Le parfum de la luzerne est intense au début de l’été sur les collines qui, après Fidenza, sont le prologue de la longue montée vers le pas de la Cise. La brise souffle toujours sur les crêtes et la vue balaie la plaine que vous avez maintenant dépassée. L’ascension du col durera 3 jours, signe que la pente est douce et graduelle. Vous avez tout le temps pour contempler les magnifiques fleurs d’ail sauvage sous les hêtres, avant la longue descente dans la verdoyante Lunigiana, vers la côte et la mer.
Le Moyen Âge vit sur les sentiers du haut val de Magra, où vous traverserez des bourgades en pierre, entre les vignes et les oliveraies.

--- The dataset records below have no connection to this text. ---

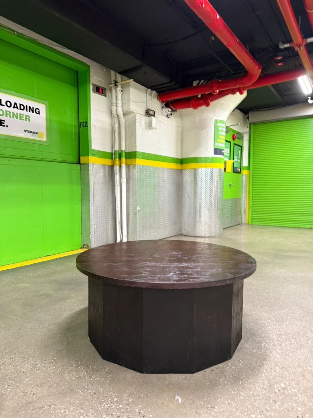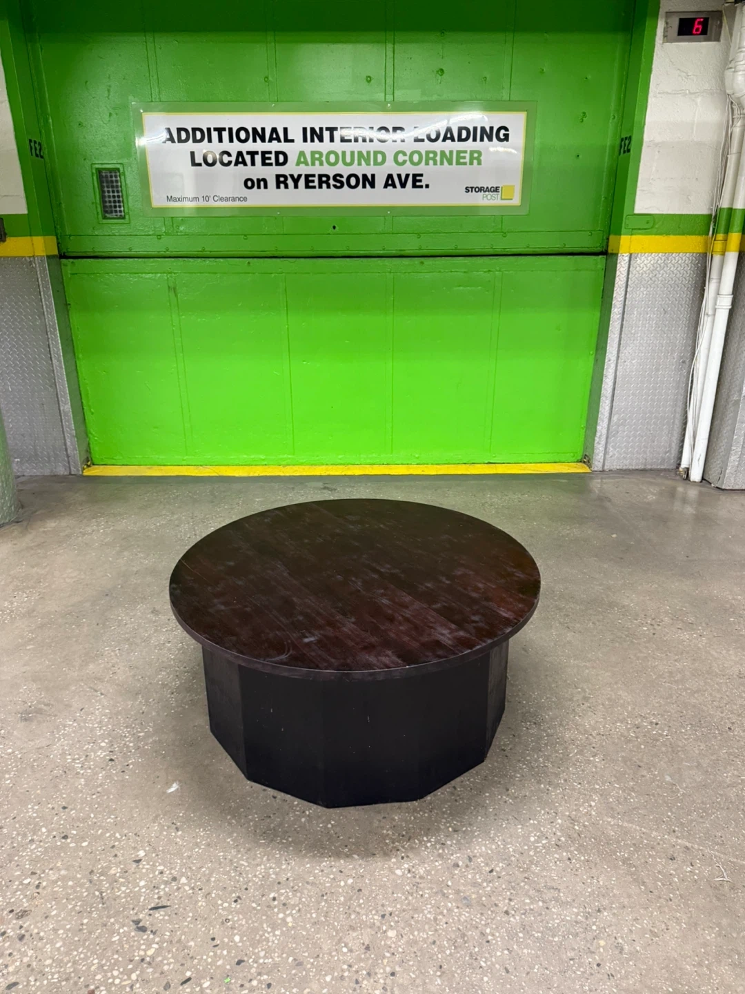 This table is in good used condition with normal wear and tear. It is a solid, durable piece of furniture (product weight: 81 lbs; weight capacity: 200 lbs).
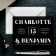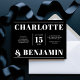 Imponera dina gäster med den här moderna och djärva bröllopsinbjudan med en slående vågrät. Utformningen visar ren vit typografi som ställs in mot en slimmad svart bakgrund, som ger en contemporary men ändå tidlös estetik. Perfekt för par som uppskattar minimalistisk elegans, ser den här inbjudan till dig att se till att dina uppgifter om bröllop visas på ett tydligt och sofistikerat sätt. Dess djärva och moderna stil är början till ett minnesvärt firande.
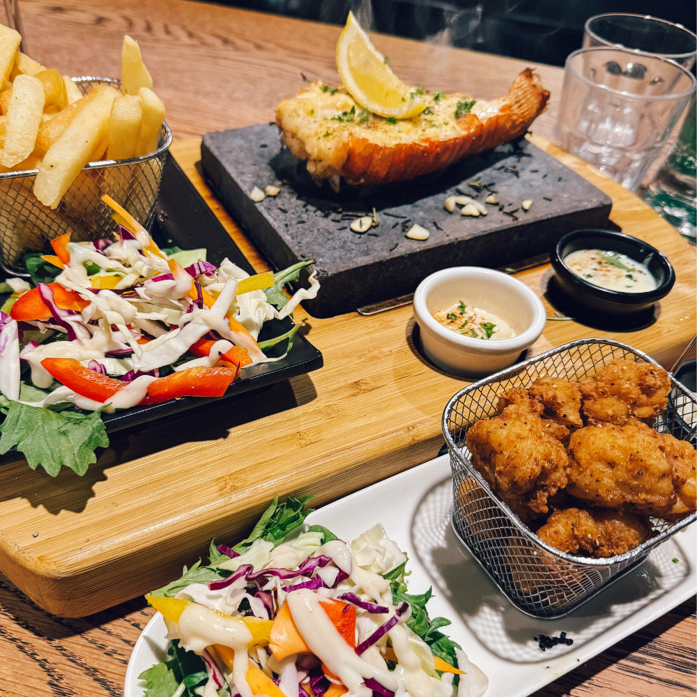 The original plan was to go to Nins Bin, but unfortunately, our arrival and departure times here didn’t line up with their hours. Instead, we went to Groper Garage, where we had a hot stone crayfish with chips, salad, lemon, and butter for only $55 NZD, and it was fabulous! Also got their salt-and-pepper squid and shared everything.

Examinez les portails sculptés en grès des centres historiques qui sont les fils de la Via : Pontremoli, Filattiera, Filetto, Sarzana, où la montagne est déjà loin et où l’air marin amène de nouveaux parfums. À Luni, retrouvez les traces de l’antique Rome. Entre ses ruines, dans cette plaine fertile et cultivée, imaginez un port plein de bateaux, visualisez le pèlerin qui, avant l’an Mille, s’embarquait en direction des côtes françaises, au loin les Pyrénées, sur les traces de saint Jacques. Entre la Toscane et la Ligurie, entre Aulla et la côte, sur la Via Francigena se greffent d’autres traces, qui conduisent encore plus loin.
La mer de Ligurie brille au loin des plages de Versilia, alors que vous marchez dans les vignes sur les chemins aux pieds des Alpes Apuanes, entre les villes du marbre : Carrara, Massa, Pietrasanta, Camaiore. Passez une soirée sur la place, parmi les artistes, en découvrant dans les ruelles des laboratoires de tailleur de pierre. Vous repartez pour retrouver les bois ombragés dans la Valfreddana, dernière ramification de la chaine Apuanes. Le parcours s’aplanit dans la plaine du Serchio, en vue des murs de Lucca. Prenez une pause, votre voyage est encore long, de nouveaux paysages et des rencontres vous attendent. Regardez le labyrinthe, sous le portique du Dôme de San Martino : il vous renvoie votre itinéraire, votre vagabondage, vos pensées qui divaguent durant les heures de marche.
Vous vous rapprochez d’un passage qui, autour de l’an Mille, était parmi les plus redoutés. La plaine du Serchio, les bois de Cerbaie, les marécages de Porcari et de Fucecchio, qui aujourd’hui ont été bonifiés – l’Aqua nigra mentionné par l’archevêque Sigéric – le passage de l’Arno. Vous le voyez couler sous un solide pont maçonné, et si vous levez les yeux des rives, vous voyez déjà pointer la tour de San Miniato. Au-delà de cette crête s’étend la mer ondulée des collines toscanes.